**EXERCISE DIRECTIONS**
The required output is the exact run of lines from the one that contains "近日,重庆市教育委员会正式公" to the end of the data, with every picture left out.

--- DATA SECTION ---

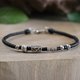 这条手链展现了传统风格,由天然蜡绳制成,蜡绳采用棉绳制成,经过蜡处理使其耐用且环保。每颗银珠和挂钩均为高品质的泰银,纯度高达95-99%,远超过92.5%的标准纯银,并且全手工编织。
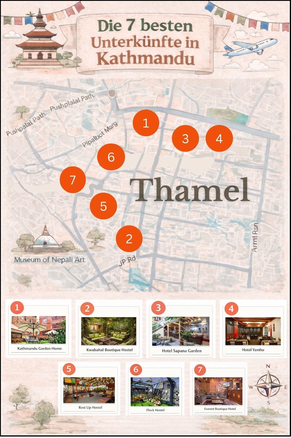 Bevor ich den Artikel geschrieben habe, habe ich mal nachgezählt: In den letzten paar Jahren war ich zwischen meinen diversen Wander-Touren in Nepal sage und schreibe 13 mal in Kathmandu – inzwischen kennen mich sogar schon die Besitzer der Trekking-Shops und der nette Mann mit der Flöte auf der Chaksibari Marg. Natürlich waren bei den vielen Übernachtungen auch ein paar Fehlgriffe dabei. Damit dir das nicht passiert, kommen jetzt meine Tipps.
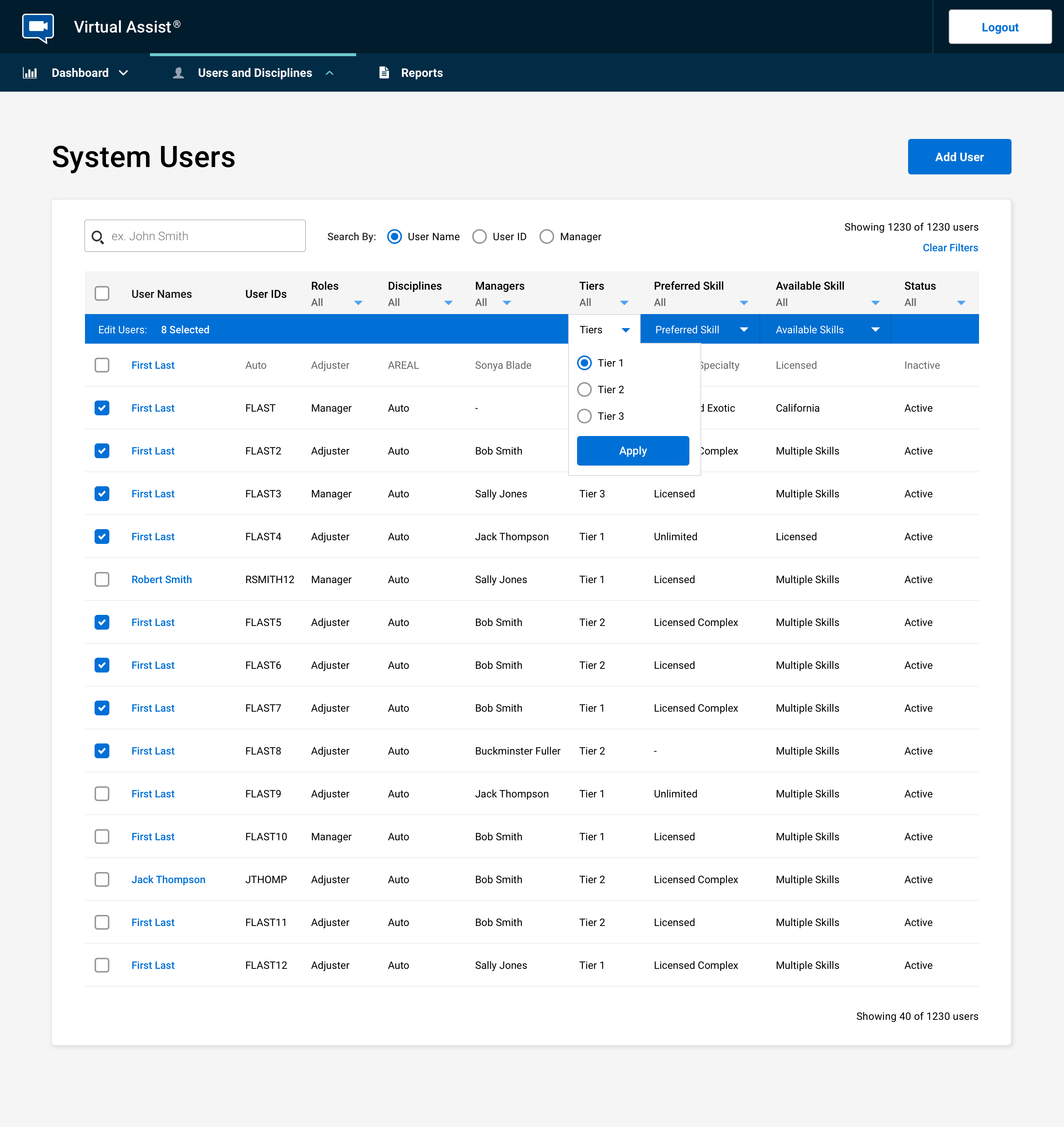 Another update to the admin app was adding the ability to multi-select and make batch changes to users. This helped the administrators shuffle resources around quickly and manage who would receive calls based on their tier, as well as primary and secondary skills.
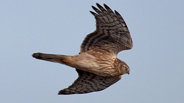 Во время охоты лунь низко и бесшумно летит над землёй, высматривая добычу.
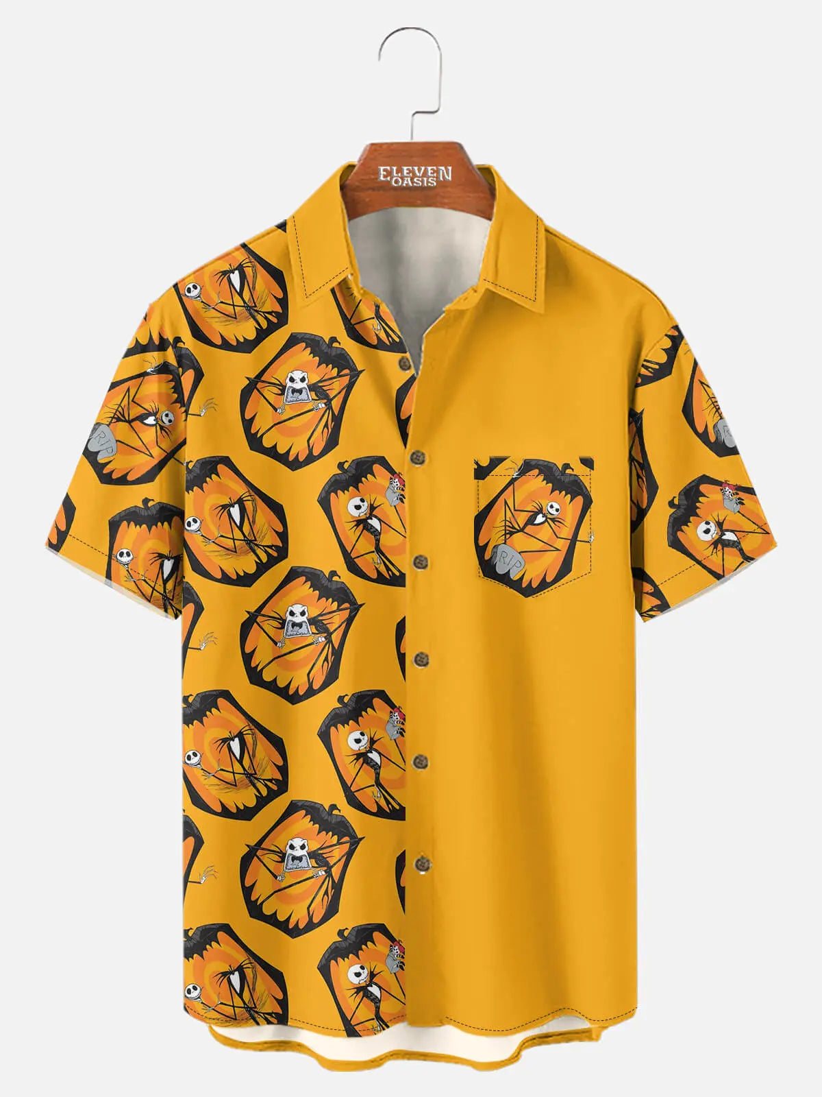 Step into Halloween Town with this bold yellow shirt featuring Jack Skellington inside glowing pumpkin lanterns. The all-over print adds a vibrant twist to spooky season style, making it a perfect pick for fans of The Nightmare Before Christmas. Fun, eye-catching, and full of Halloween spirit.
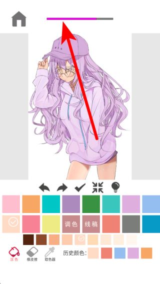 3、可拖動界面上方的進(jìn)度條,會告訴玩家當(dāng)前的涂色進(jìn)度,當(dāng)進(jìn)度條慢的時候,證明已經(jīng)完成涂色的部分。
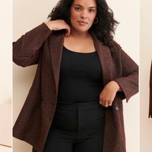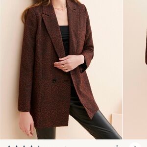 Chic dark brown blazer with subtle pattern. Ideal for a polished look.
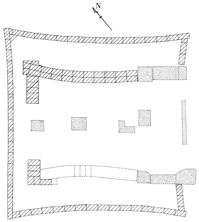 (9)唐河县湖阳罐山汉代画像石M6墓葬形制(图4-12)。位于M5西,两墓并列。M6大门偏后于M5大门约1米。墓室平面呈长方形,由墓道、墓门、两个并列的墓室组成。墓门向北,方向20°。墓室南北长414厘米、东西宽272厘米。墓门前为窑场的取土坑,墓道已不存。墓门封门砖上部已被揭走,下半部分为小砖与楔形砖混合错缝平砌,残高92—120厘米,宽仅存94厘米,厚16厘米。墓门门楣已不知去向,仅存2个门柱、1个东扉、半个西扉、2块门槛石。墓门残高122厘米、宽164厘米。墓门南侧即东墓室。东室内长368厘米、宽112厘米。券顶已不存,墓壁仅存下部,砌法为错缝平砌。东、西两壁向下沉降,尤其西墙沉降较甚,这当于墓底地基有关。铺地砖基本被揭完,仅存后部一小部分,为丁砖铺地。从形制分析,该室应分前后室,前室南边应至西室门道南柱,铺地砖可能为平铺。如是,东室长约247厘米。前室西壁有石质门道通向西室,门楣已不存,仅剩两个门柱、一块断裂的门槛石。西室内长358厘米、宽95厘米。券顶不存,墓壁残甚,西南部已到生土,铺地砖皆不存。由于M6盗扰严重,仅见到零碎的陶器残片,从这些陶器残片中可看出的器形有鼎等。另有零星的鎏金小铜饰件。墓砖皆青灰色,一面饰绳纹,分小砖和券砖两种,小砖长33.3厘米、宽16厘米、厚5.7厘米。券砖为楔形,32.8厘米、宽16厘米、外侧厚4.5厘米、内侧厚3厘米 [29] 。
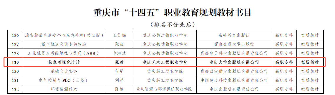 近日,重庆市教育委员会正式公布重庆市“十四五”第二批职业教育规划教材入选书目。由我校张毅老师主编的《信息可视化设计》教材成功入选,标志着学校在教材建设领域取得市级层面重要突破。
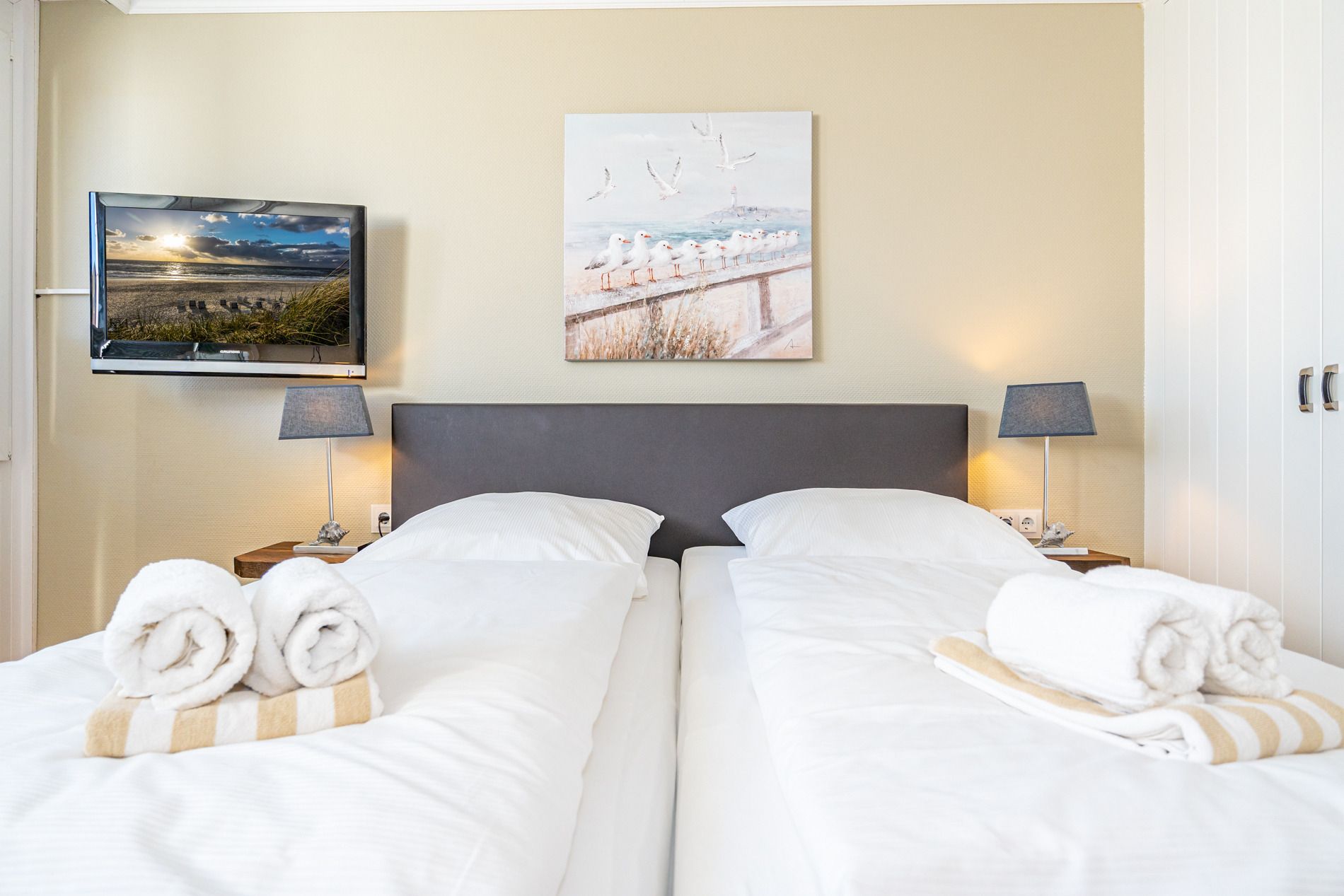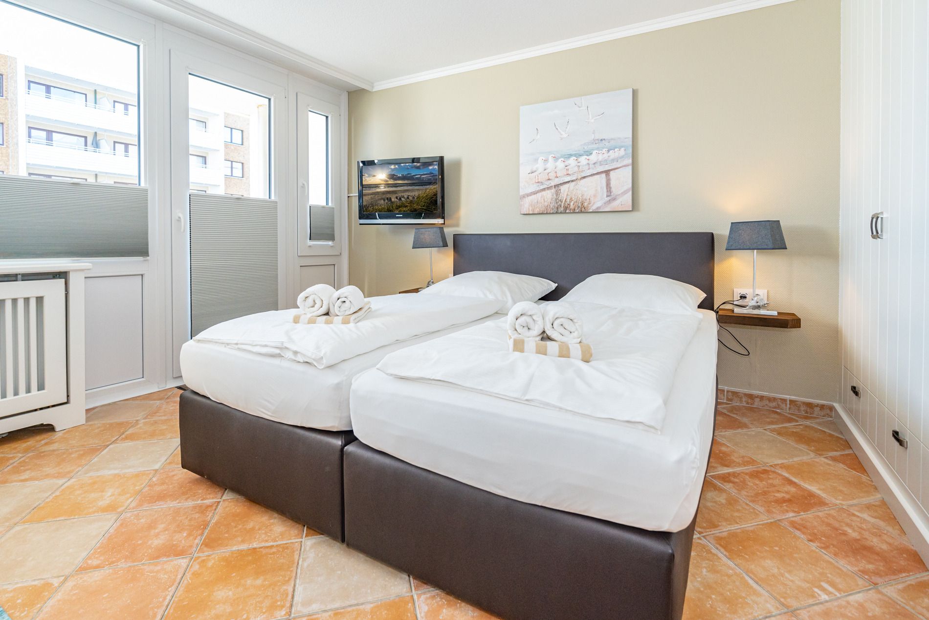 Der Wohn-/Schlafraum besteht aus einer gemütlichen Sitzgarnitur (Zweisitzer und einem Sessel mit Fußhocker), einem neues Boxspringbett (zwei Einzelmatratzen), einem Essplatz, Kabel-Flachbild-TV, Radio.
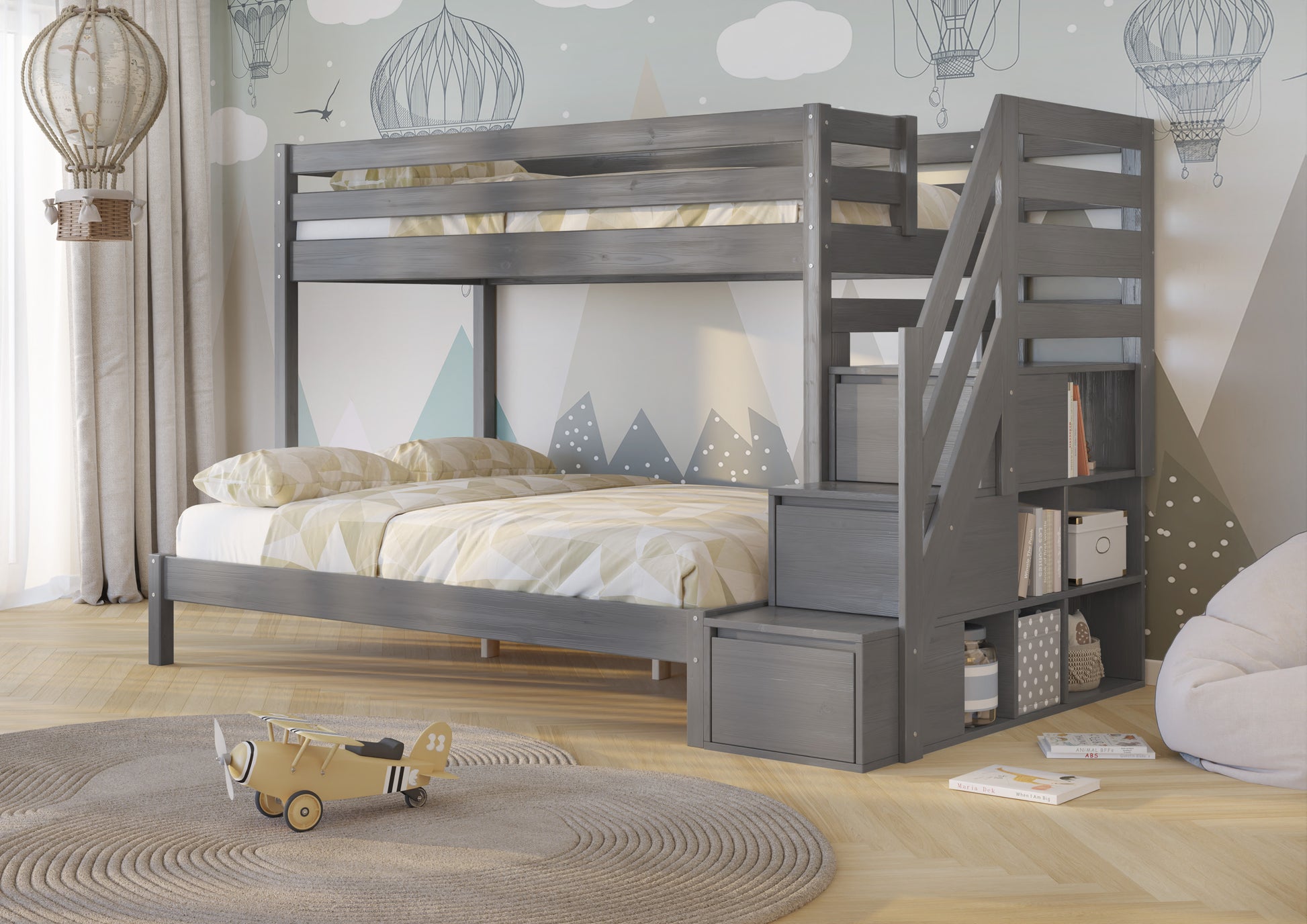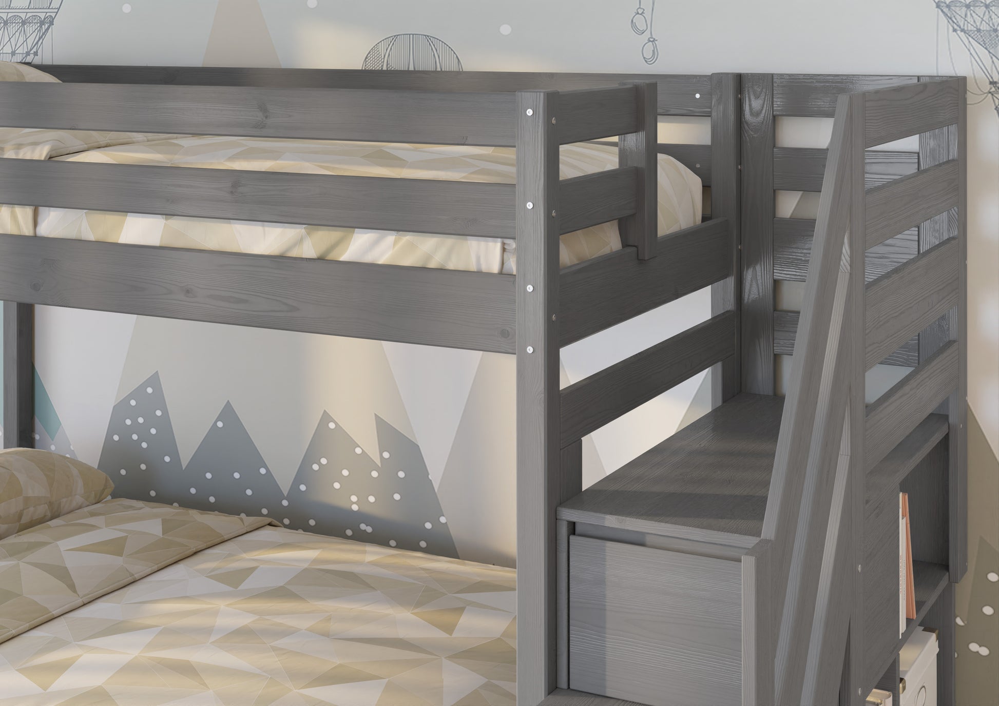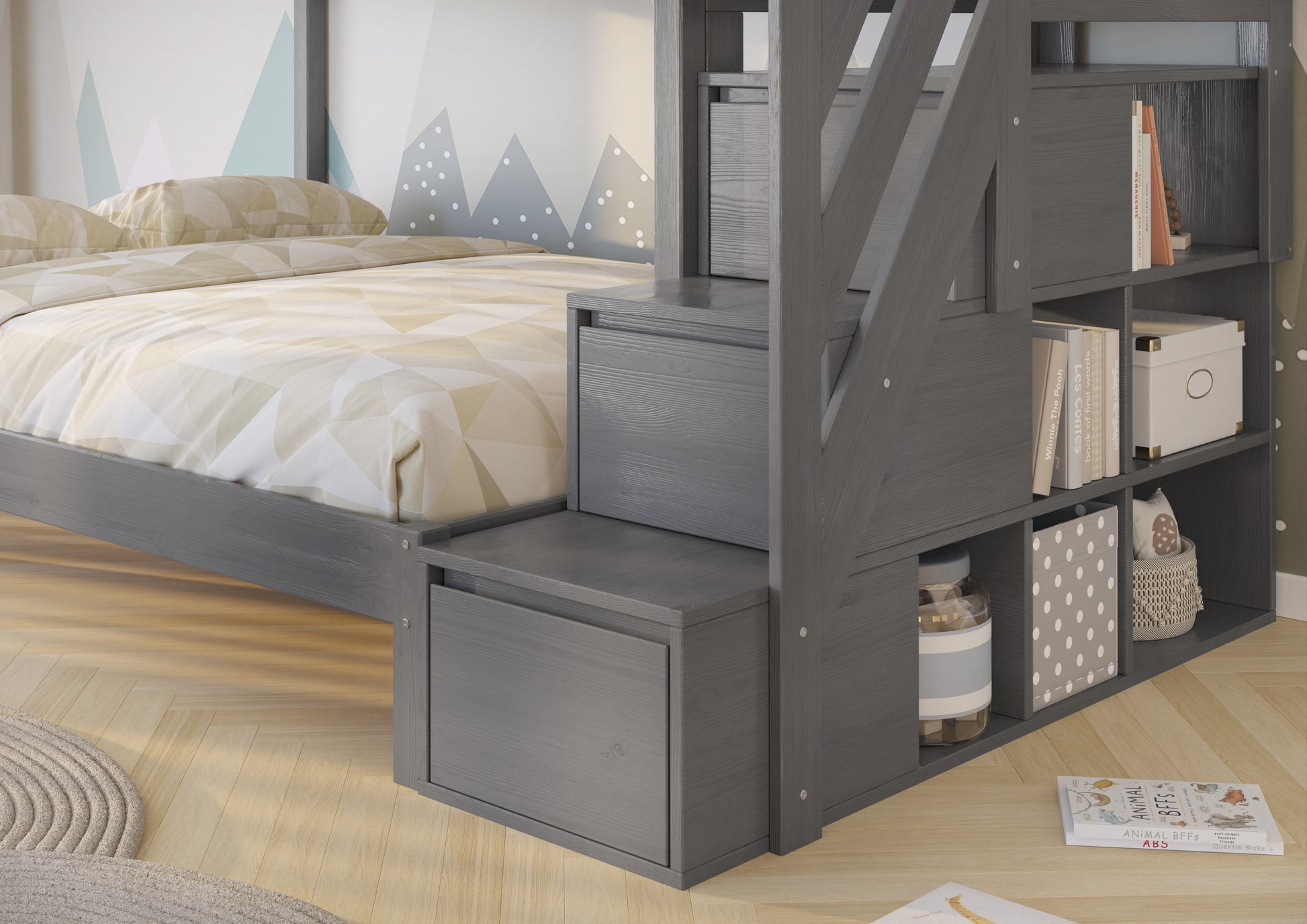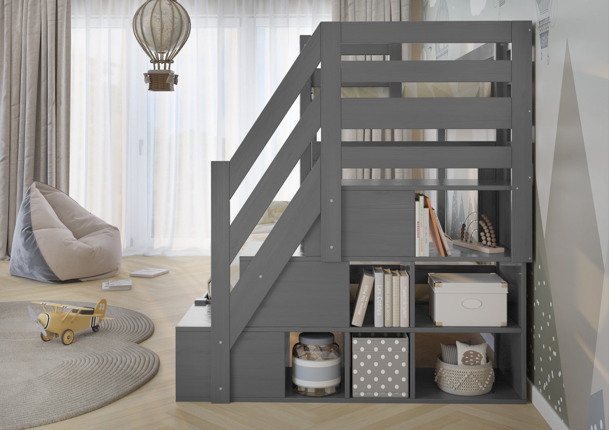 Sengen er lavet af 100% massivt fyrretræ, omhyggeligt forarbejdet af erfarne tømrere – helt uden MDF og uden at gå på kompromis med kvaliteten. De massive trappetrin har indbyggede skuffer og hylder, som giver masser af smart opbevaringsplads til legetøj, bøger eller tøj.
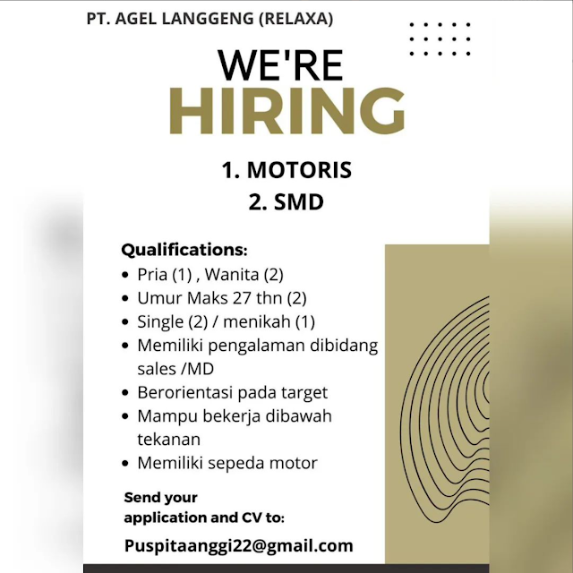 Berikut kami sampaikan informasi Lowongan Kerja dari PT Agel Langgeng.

---

**RESPONSE TO THIS TASK**
 近日,重庆市教育委员会正式公布重庆市“十四五”第二批职业教育规划教材入选书目。由我校张毅老师主编的《信息可视化设计》教材成功入选,标志着学校在教材建设领域取得市级层面重要突破。
 Der Wohn-/Schlafraum besteht aus einer gemütlichen Sitzgarnitur (Zweisitzer und einem Sessel mit Fußhocker), einem neues Boxspringbett (zwei Einzelmatratzen), einem Essplatz, Kabel-Flachbild-TV, Radio.
 Sengen er lavet af 100% massivt fyrretræ, omhyggeligt forarbejdet af erfarne tømrere – helt uden MDF og uden at gå på kompromis med kvaliteten. De massive trappetrin har indbyggede skuffer og hylder, som giver masser af smart opbevaringsplads til legetøj, bøger eller tøj.
 Berikut kami sampaikan informasi Lowongan Kerja dari PT Agel Langgeng.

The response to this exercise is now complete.